But the miser's fictionality reminds us that there are forms of knowledge which exceed textual evidence, in which case, satisfying the desire for proof can actually obscure knowledge. As Wegg reads, he and Venus respond with escalating excitement, the affective investment in the appearance of mounting proof played out in a greedy homoerotic climax from when Wegg first “pegged his comrade” at the mention of “secret hoards,” to when his leg “slowly elevated itself as he read on” about hidden banknotes, to when he “dropped over sideways” onto Venus (476). In the afterglow of this seeming proof, Venus and Wegg slump together on the settle, neither making “any effort to recover himself; both remaining in a kind of pecuniary swoon” (477). Despite their swoon, however, the satisfaction of textual evidence leaves them no richer—in knowledge or coins—than they were before.

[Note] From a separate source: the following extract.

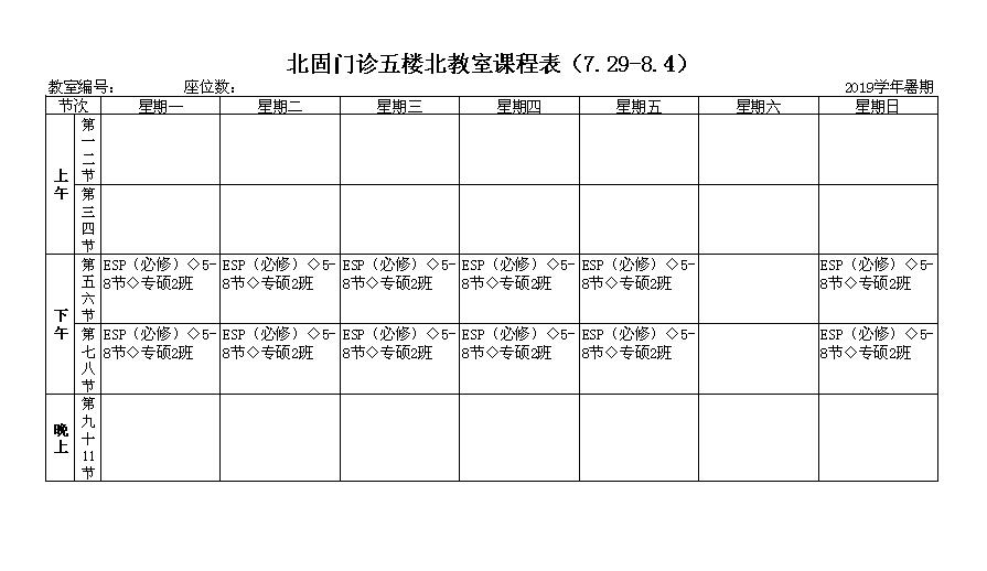 北固校区2019年级研究生暑期课表(门诊五楼北教室)

This scene thus dramatizes the expectation of intimacy that, David Kazanjian argues, stems from historical empiricism. “A strict separation between historically contextualized reading and ahistorical reading” depends on the fantasy, he claims, that “one can adequately determine the context in which a text was written and linger in that context with the text in a kind of epistemic intimacy.”Footnote 43 But while Venus and Wegg want to linger in that episteme, Boffin has understood from the beginning the interpretive benefits of seeing historical subjects as fictional characters. Early in the novel, Boffin employs Wegg to read Gibbons's The Decline and Fall of the Roman Empire (1776) aloud and marvels at how “Commodious” fights 735 times as a gladiator that was “in one character only!” while the story of fighting a hundred lions was “in another character” (66). What seems initially to be a mistake of Boffin's illiteracy and naïveté proves an unexpected insight when, later in the novel, Boffin begins collecting misers. The genre of miser biographies echoes the multivolume histories from the beginning of the novel.Footnote 44 By using the concept of character to bring together Gibbons's more scholarly history with the miscellanies of misers and eccentrics, the novel connects new methods of collecting with fictional character. This confluence explores the value of oddities, of having a large number of specimens, each one represented in brief. In other words, it assembles a collection of minor characters. The misers’ implacable minorness—their value—inheres in the limitations wrought by being in the story but never at its center. Alex Woloch claims that “what we remember about the [minor] character is never detached from how the text, for the most part, makes us forget him.”Footnote 45 Like the marginalized historical subject, the minor character's significance inheres in the threat of their erasure.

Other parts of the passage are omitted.